Dataset extract:

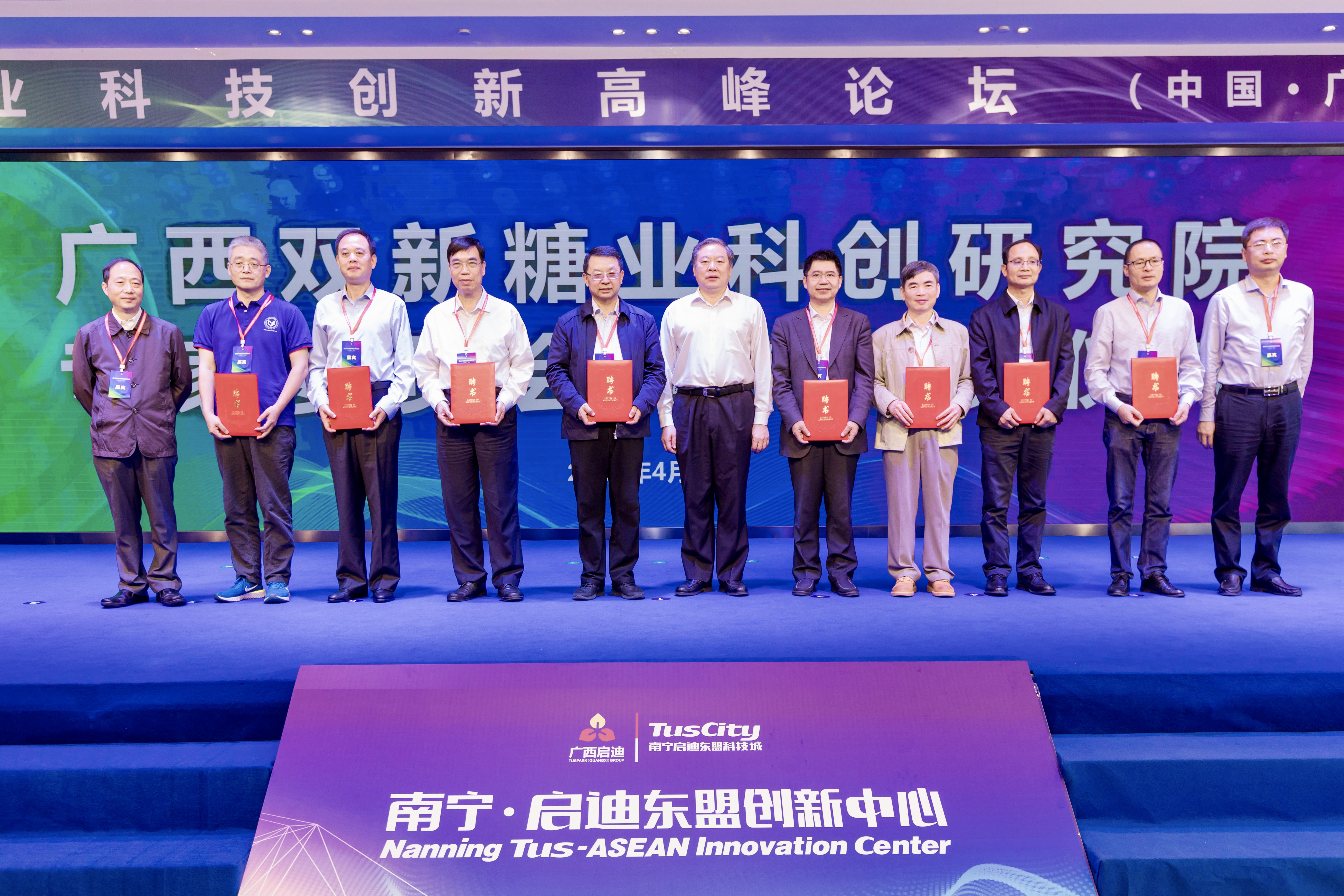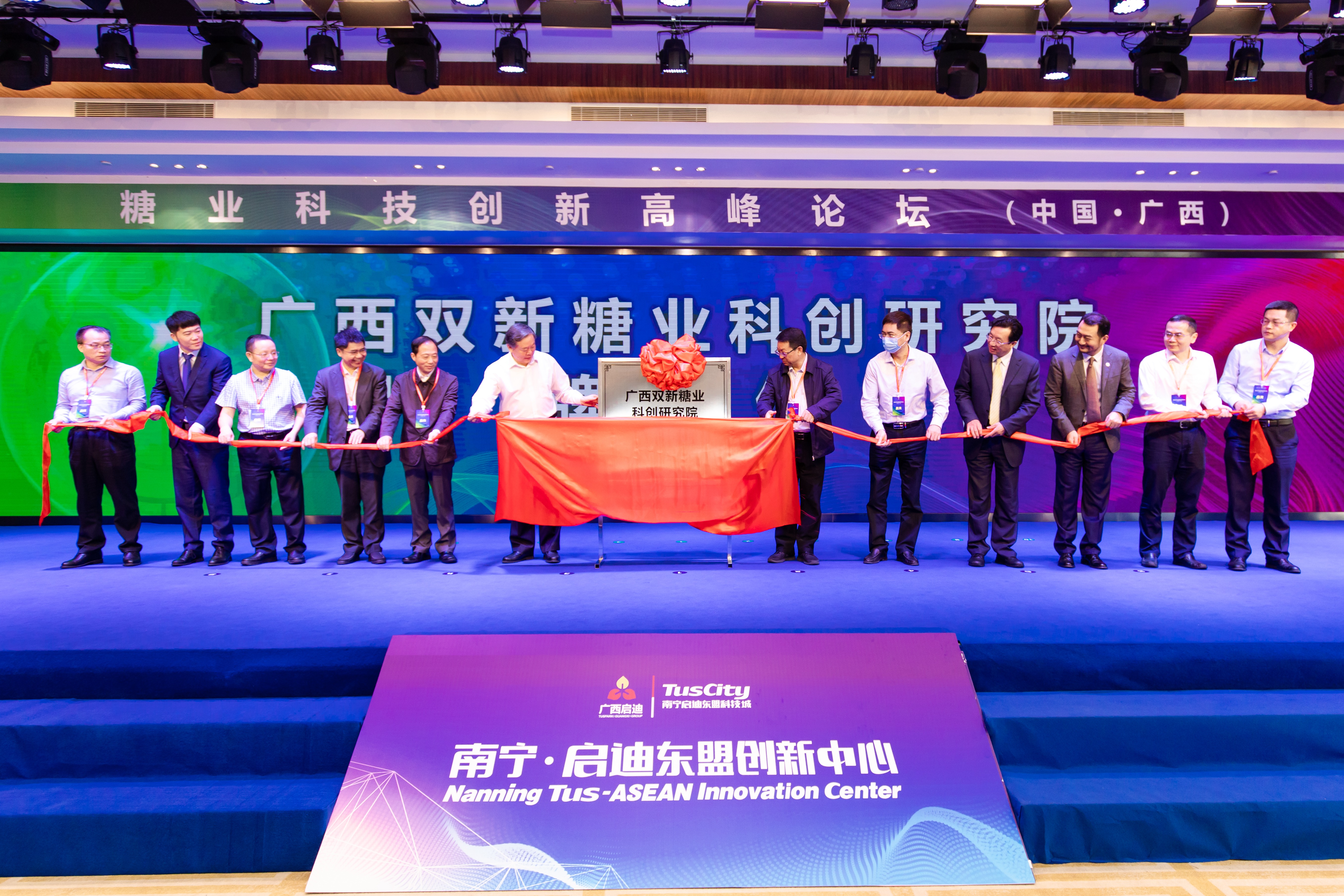 中國工程院院士張福鎖,廣西人大常委會副主任、黨組副書記張秀隆,農委主任委員吳玉斌,廣西糖業(yè)發(fā)展辦公室黨組書記、主任李文綱,廣西科技廳黨組成員姚作芳,清華大學教授劉德華,啟迪控股高級常務副總裁陳鴻波,廣西糖業(yè)集團黨委書記、董事長李慈軍,啟迪控股高級副總裁、廣西啟迪科技城集團董事長李東明,南寧糖業(yè)股份有限公司黨委副書記、總經理肖凌,廣西沿邊跨境金融服務中心有限公司總裁張燚,廣西洋浦南華糖業(yè)集團副總裁凌一津和廣西南寧東亞糖業(yè)集團公共關系總經理馬軍共同為“廣西雙新糖業(yè)科創(chuàng)研究院”揭牌。
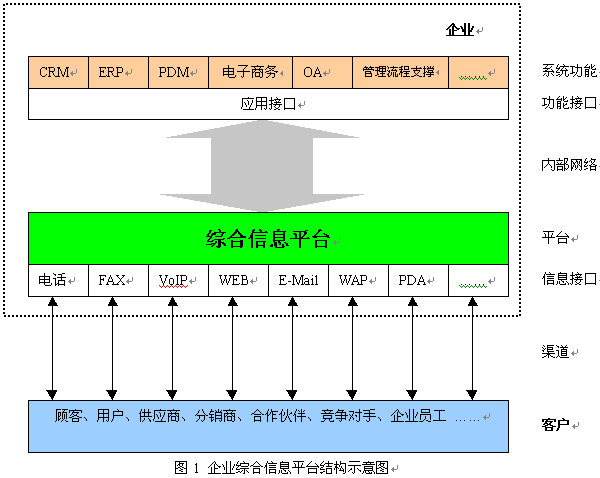 我們今天看待Call Center,也決不僅僅是客戶服務中心這樣一個簡單的傳統(tǒng)概念,它本身所擁有的一些優(yōu)秀的功能和特征,應當擔負起更大的責任,發(fā)揮更大的作用。所以,在當前以客戶為中心的新經(jīng)濟環(huán)境下,企業(yè)信息化的問題是不容回避的,而企業(yè)信息化建設又會牽涉到企業(yè)的方方面面,包括企業(yè)的前臺和企業(yè)的后臺。企業(yè)的前臺是企業(yè)與客戶連接的門戶,它需要與客戶進行良好的溝通,企業(yè)的后臺將為前臺與客戶溝通提供支持,因此,在企業(yè)的前臺和后臺之間,需要一個綜合信息平臺來保證信息流的暢通。
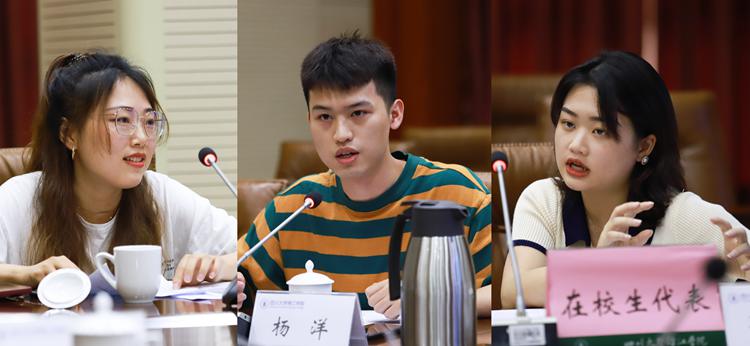 校友代表、四川工商学院产品设计专业教师、我校2016届毕业生周静,成都杰辰科技有限公司产品设计师、2021届毕业生杨洋和在校生代表分别从工作实践和在校学习等方面对人才培养方案重构提出了建议。
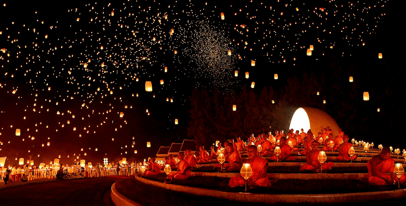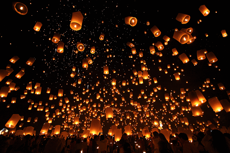 Vào lễ hội Yi Peng, tại nhà dân và khắp các nơi công cộng, những chiếc đèn sáng rực sẽ được thả bay lên không trung suốt đêm. Người Thái tin rằng, hành động này sẽ giúp họ gạt đi những muộn phiền và buồn đau năm cũ đồng thời, những điều bạn ước nguyện trong lúc thả đèn sẽ trở thành sự thật nếu bạn thực hiện những điều tốt lành trong năm sau.
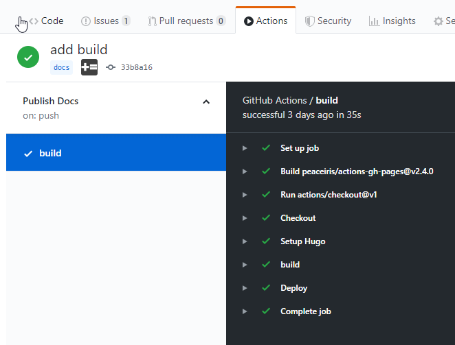 With all of this in place you are ready to commit to master. This should kick off the publish workflow, which you can view under Actions > Publish Docs.
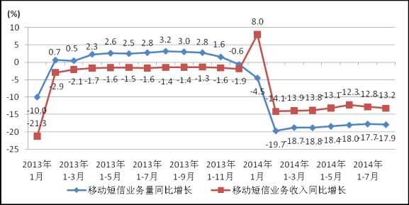 图6. 2013-2014年各月移动短信业务量和移动短信收入同比增长情况
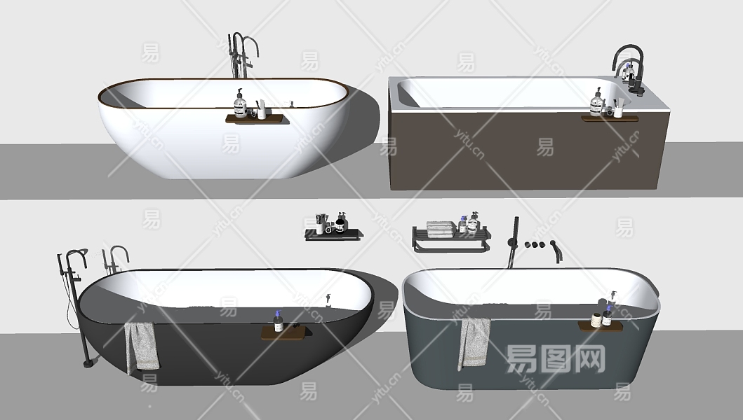 洁具用品 浴缸 开放外露独立浴缸龙头简约智能淋浴花洒壁挂毛巾架 su草图模型下载

Problem requirements: Copy every entry exactly; drop the pictures.

Result:
 中國工程院院士張福鎖,廣西人大常委會副主任、黨組副書記張秀隆,農委主任委員吳玉斌,廣西糖業(yè)發(fā)展辦公室黨組書記、主任李文綱,廣西科技廳黨組成員姚作芳,清華大學教授劉德華,啟迪控股高級常務副總裁陳鴻波,廣西糖業(yè)集團黨委書記、董事長李慈軍,啟迪控股高級副總裁、廣西啟迪科技城集團董事長李東明,南寧糖業(yè)股份有限公司黨委副書記、總經理肖凌,廣西沿邊跨境金融服務中心有限公司總裁張燚,廣西洋浦南華糖業(yè)集團副總裁凌一津和廣西南寧東亞糖業(yè)集團公共關系總經理馬軍共同為“廣西雙新糖業(yè)科創(chuàng)研究院”揭牌。
 我們今天看待Call Center,也決不僅僅是客戶服務中心這樣一個簡單的傳統(tǒng)概念,它本身所擁有的一些優(yōu)秀的功能和特征,應當擔負起更大的責任,發(fā)揮更大的作用。所以,在當前以客戶為中心的新經(jīng)濟環(huán)境下,企業(yè)信息化的問題是不容回避的,而企業(yè)信息化建設又會牽涉到企業(yè)的方方面面,包括企業(yè)的前臺和企業(yè)的后臺。企業(yè)的前臺是企業(yè)與客戶連接的門戶,它需要與客戶進行良好的溝通,企業(yè)的后臺將為前臺與客戶溝通提供支持,因此,在企業(yè)的前臺和后臺之間,需要一個綜合信息平臺來保證信息流的暢通。
 校友代表、四川工商学院产品设计专业教师、我校2016届毕业生周静,成都杰辰科技有限公司产品设计师、2021届毕业生杨洋和在校生代表分别从工作实践和在校学习等方面对人才培养方案重构提出了建议。
 Vào lễ hội Yi Peng, tại nhà dân và khắp các nơi công cộng, những chiếc đèn sáng rực sẽ được thả bay lên không trung suốt đêm. Người Thái tin rằng, hành động này sẽ giúp họ gạt đi những muộn phiền và buồn đau năm cũ đồng thời, những điều bạn ước nguyện trong lúc thả đèn sẽ trở thành sự thật nếu bạn thực hiện những điều tốt lành trong năm sau.
 With all of this in place you are ready to commit to master. This should kick off the publish workflow, which you can view under Actions > Publish Docs.
 图6. 2013-2014年各月移动短信业务量和移动短信收入同比增长情况
 洁具用品 浴缸 开放外露独立浴缸龙头简约智能淋浴花洒壁挂毛巾架 su草图模型下载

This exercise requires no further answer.